3Although various names exist for this particular type of intervention (such as “accuracy nudge,” “accuracy prompt,” and “evaluation treatment”; see Pennycook & Rand, 2022), we here use “accuracy prime” to distinguish the single-headline evaluation treatment from other, similar nudging interventions that fall under the banner of accuracy prompts/nudges (see Epstein et al., 2021; Pennycook & Rand, 2022). In doing so, we follow Pennycook et al. (2020, p. 777), who note that this type of accuracy nudge “subtly primed [participants] to think about accuracy by being asked to rate the accuracy of a single […] news headline.”

4Pennycook and Rand (2022) report a (most likely unstandardized) meta-analytic regression coefficient of b = .034, 95% CI [0.026, 0.043]. The meta-analytic Cohen’s d was not reported.

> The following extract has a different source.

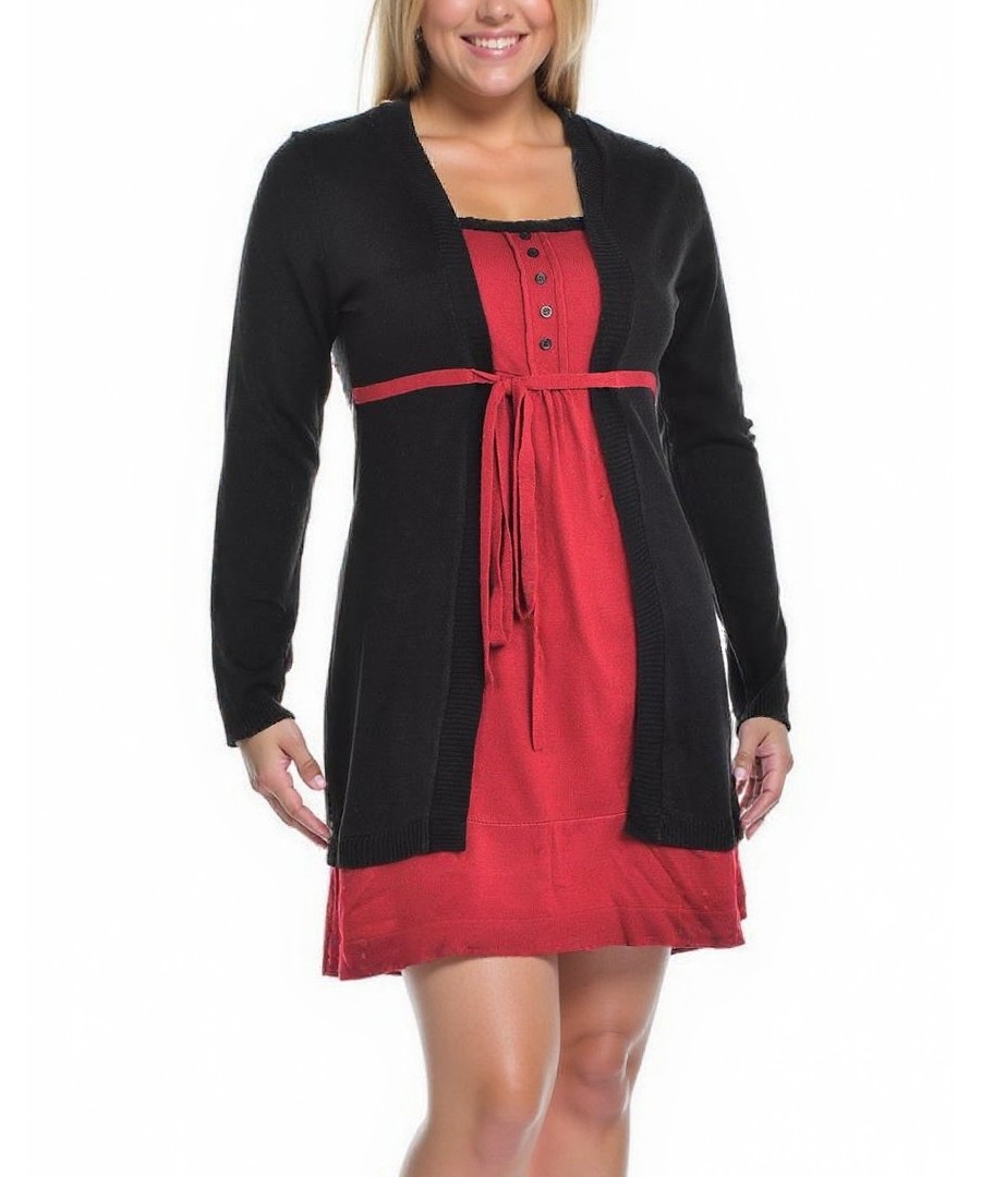 Елегантна плетена рокля в двуцветен дизайн - черно кардиганче с червена подплата, дълги ръкави и коланче в талията. Мека, удобна и практична за всеки ден и преходния сезон. Идеална за всеки деми сезон

5Pennycook et al. (2021) found that the largest pre–post difference in news sharing behavior was a post-treatment increase in the sharing of mainstream/high-quality news sources such as the New York Times and CNN, more so than a post-treatment decrease in the sharing of misinformation/low-quality content. At a theoretical level, why accuracy primes might prompt conservative US Twitter users to share more New York Times headlines requires further elaboration.

6Swire-Thompson et al. (2021) argue that the specific correction format may play a limited role when correcting misinformation, and the Debunking Handbook also says that in cases where the facts are very nuanced, it may be better to lead with an explanation of why the myth is false rather than first explaining the fact.

7As noted by Lewandowsky and Yesilada (2021), the study by Brashier et al. (2021) deviated from conventional guidelines of de- and prebunking; in this study, participants were shown a label (saying “fact-checked and rated false/true”) either before or after a false or true news headline. However, in contrast to other studies (Cook et al., 2017; Jolley & Douglas, 2017) and best practice guidelines (Lewandowsky et al., 2020), no refutation of the misinformation was provided (i.e., participants were given no explanation as to why the headline might be true or false).